Angela Biscaldi University of Milan
“la mamma mi sgrida soprattutto quando lei parla al telefono e io continuo a chiamarla” (bambino di 5 anni)
How do Italians understand their role as parents? What kinds of values do they seek to inculcate in their children? I devised a research project to try to address these questions, making the concept of ‘parental responsibility’ my key focus. I wanted to explore how important the term was to parents today and how far they tried to make their children aware of their own responsibilities (and what kind they were).

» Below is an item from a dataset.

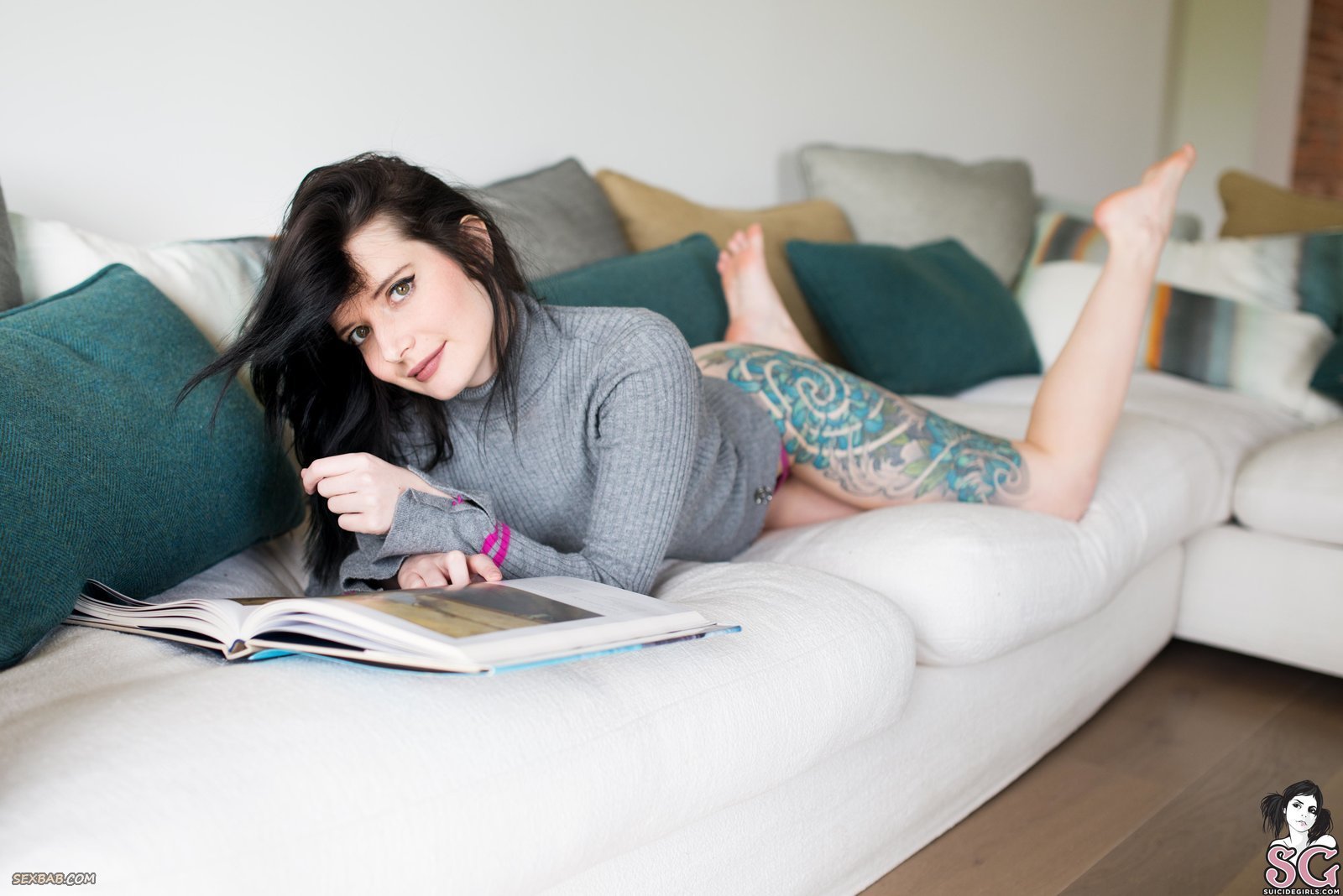 Описание: Привлекательная сексуальная сучка в безумно красивом нижнем белье, кувыркается перед нами на диване в поисках самой соблазнительной позы. Во время съёмки, темноволосая девушка с татуировками лишается трусиков и лифчика и скромно засвечивает плоские сиськи, игриво прикрывая их руками.

I used the town of Cremona as a case-study, interviewing kindergarten teachers and parents with children under six years old, and analysing more than a thousand drawings by young children of family life situations.
My main conclusion is that the notions of individual and social responsibility have largely disappeared from the explicit vocabulary used to educate children, despite the fact that for my generation, growing up in the 1970s, the call for responsibility was largely diffused in both formal and informal contexts. Nowadays, parents and educators are either unfamiliar or uncomfortable with the term “responsibility”. They believe it is not an appropriate term to try to teach children (“una parola troppo grossa”, “un’affermazione pesante”); they prefer to see their educational role in terms of instilling competence and skills, encouraging profitable performance and well-being.

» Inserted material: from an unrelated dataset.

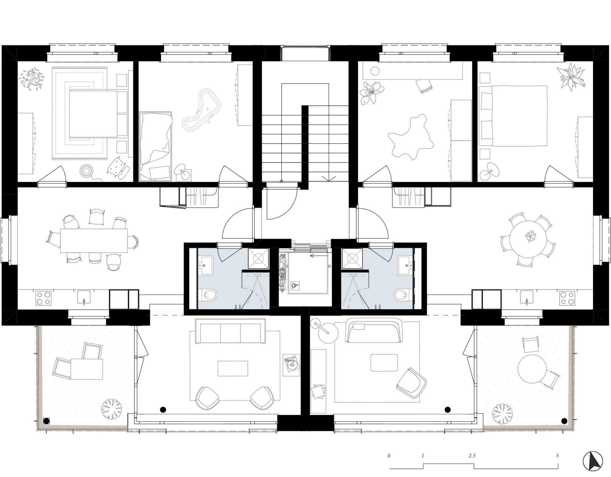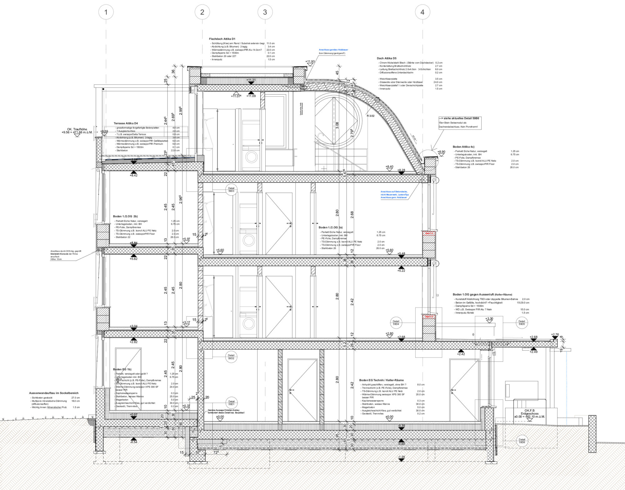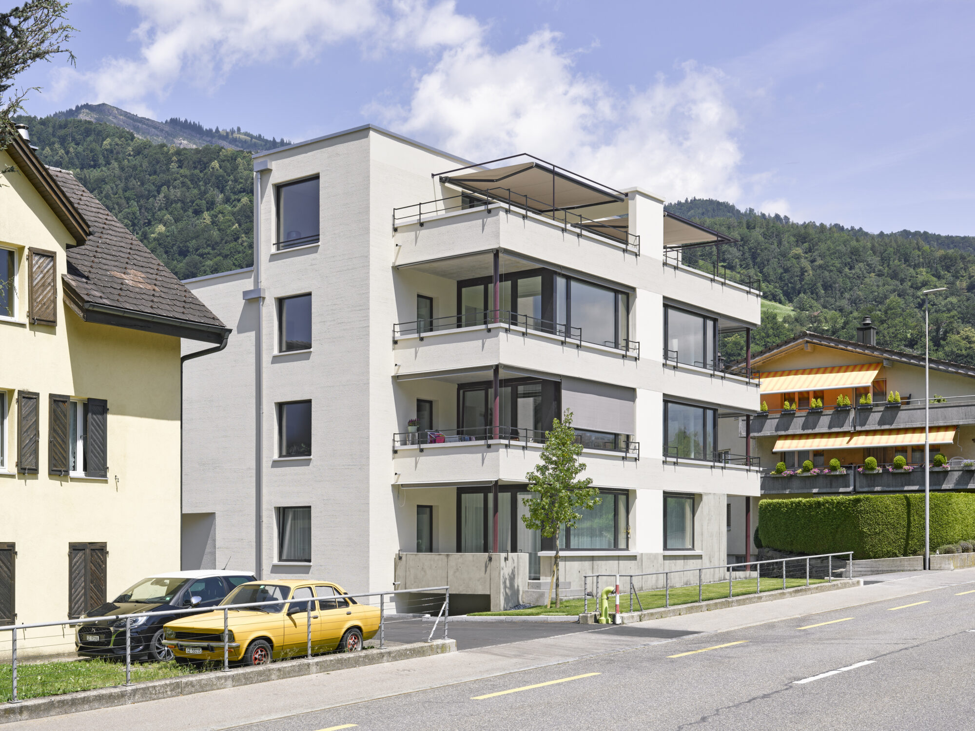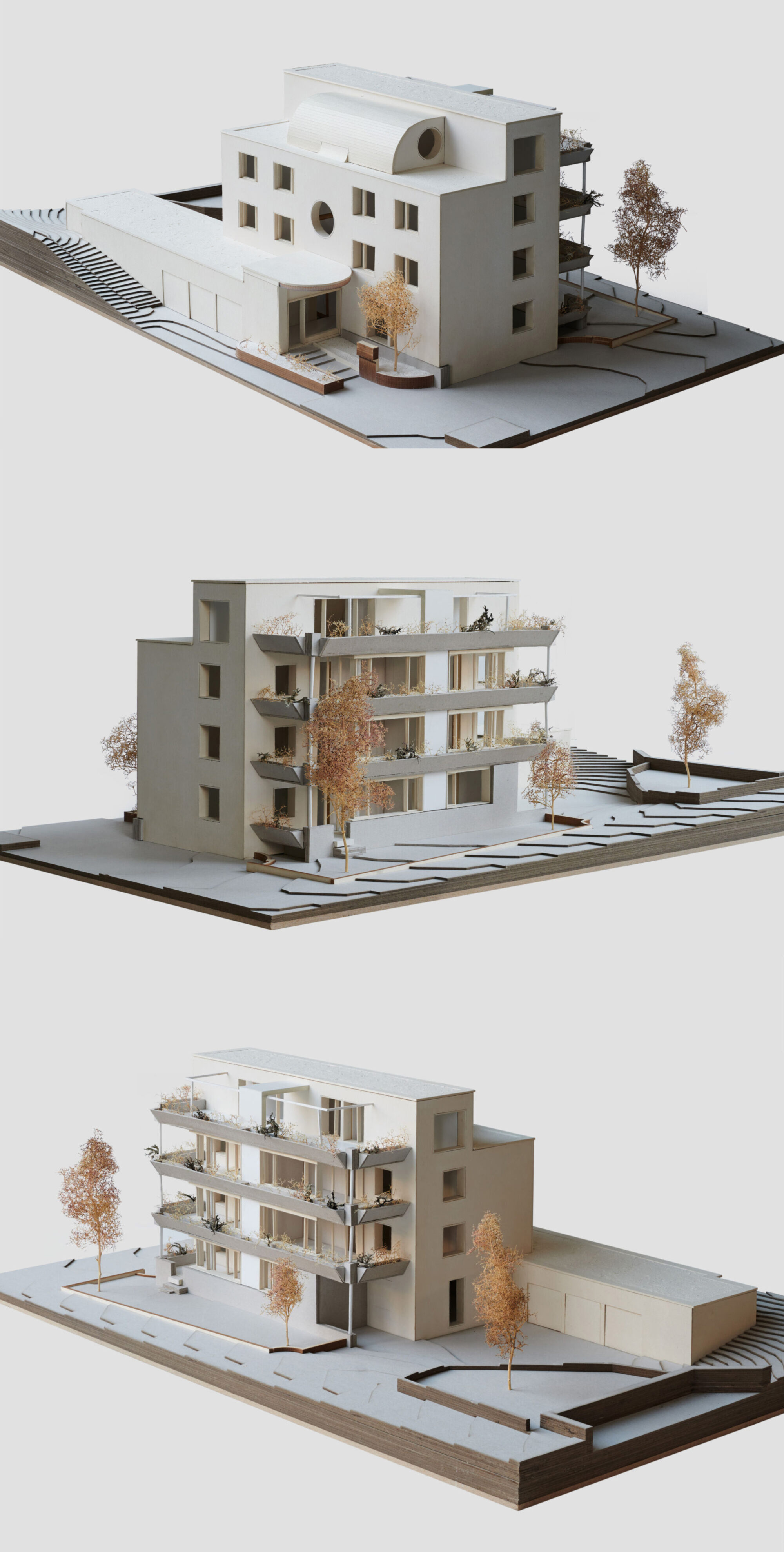 Basierend auf der Analyse der Bauten entlang der Bergstrasse bekennt sich der Entwurf mit einem ruhigen und selbstbewussten Volumen klar zur Strasse. Das Lärmschutzthema wird auf der grundrisslichen Ebene gelöst. Zusammen mit dem länglichen Volumen des östlichen Carports etabliert der neue Baukörper eine Komposition, welche trotz vollständiger Ausnutzung der sperrigen Parzelle angemessen wirkt. Das Attikageschoss ist integraler Bestandteil der Gesamtheit und unterstützt damit die städtebauliche Setzung.

Indeed competence is almost seen as in opposition to responsibility, indicating a strong preference for individual advantage rather than collective orientation. As this mother (age 42, university education, white-collar worker, Catholic, separated, with three children aged 13, 11 and 5) responds to a question about whether her youngest child could be called ‘responsible’:
oddio responsabile mi sembra una cosa un po’ grande… autonomo… questo sì… autonomo, abbastanza indipendente… le sue cose le fa… poi sì… cioè un bambino di cinque anni può essere responsabile? Le chiedo… non so (tono risentito) …io credo che sia un’affermazione molto pesante questa… io non penso che un bambino di cinque anni può essere responsabile, può essere competente, non responsabile
Children are required to learn, to expand their range of experience and, if possible, to be happy; they are not directed towards the importance of answering for their own actions and the consequences of those actions in social contexts nor are they taught firmly to respect the rules of the community .

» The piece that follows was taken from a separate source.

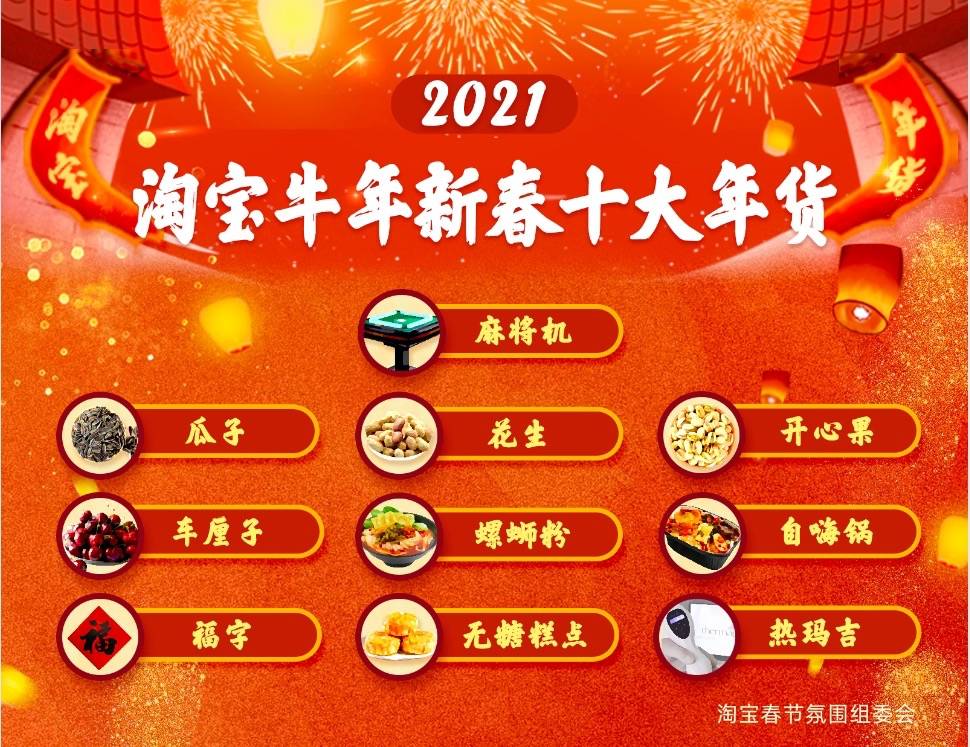 2月3日,记者从淘宝获悉,淘宝日前发布牛年春节十大爆款年货,除了瓜子、花生、开心果老三件,还有车厘子、自嗨锅、螺蛳粉等网红新年货,家用麻将机更是成为春节氛围担当。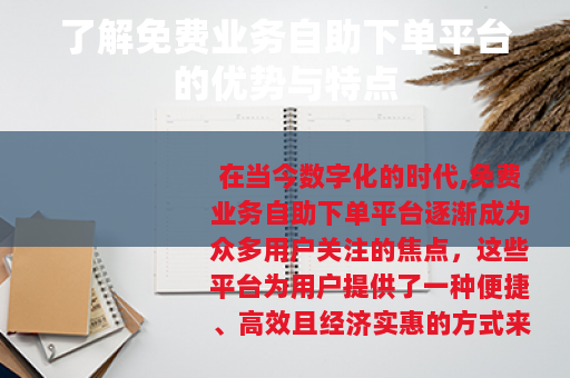 在当今数字化的时代,免费业务自助下单平台逐渐成为众多用户关注的焦点,这些平台为用户提供了一种便捷、高效且经济实惠的方式来满足各种业务需求。

In my forthcoming book on the topic ( Etnografia della responsabilità educativa , Archetipo, Bologna, 2013), I analyse the disconnection between competence and responsibility in the Italian process of primary socialization and education and point out the effects of this split in social interaction.
“ho disegnato quando gioco con il papà sul lettone e sotto c’è il computer: il papà lo tiene sempre lì” (bambino di 5 anni)
For example, it is particularly interesting to note how the stories of parents and educators underline how important it is to teach children to be able to defend themselves or to excel (“imparare a ridargliele”; “essere furbi”; “arrivare primi”, “vincere”) rather than to promote empathy and demand the respect of community rules. Moreover, educators find it difficult to hold someone responsible for events taking place in a kindergarten classroom like biting or beating and they use an inappropriate language: the children are not responsible (“troppo piccoli”); their parents cannot be held responsible (“non possiamo certo dare la colpa di quello che fanno i piccoli ai loro genitori”), but, surprisingly , even educators do not consider themselves as responsible (“non sono certo io ad avergli insegnato queste cose”). What if the diffusion of the notion of everybody’s and nobody’s responsibility, so typical of contemporary Italian society, deriving from this very early stage of socialization, establishes a social and emotional path from which it is very difficult subsequently to deviate?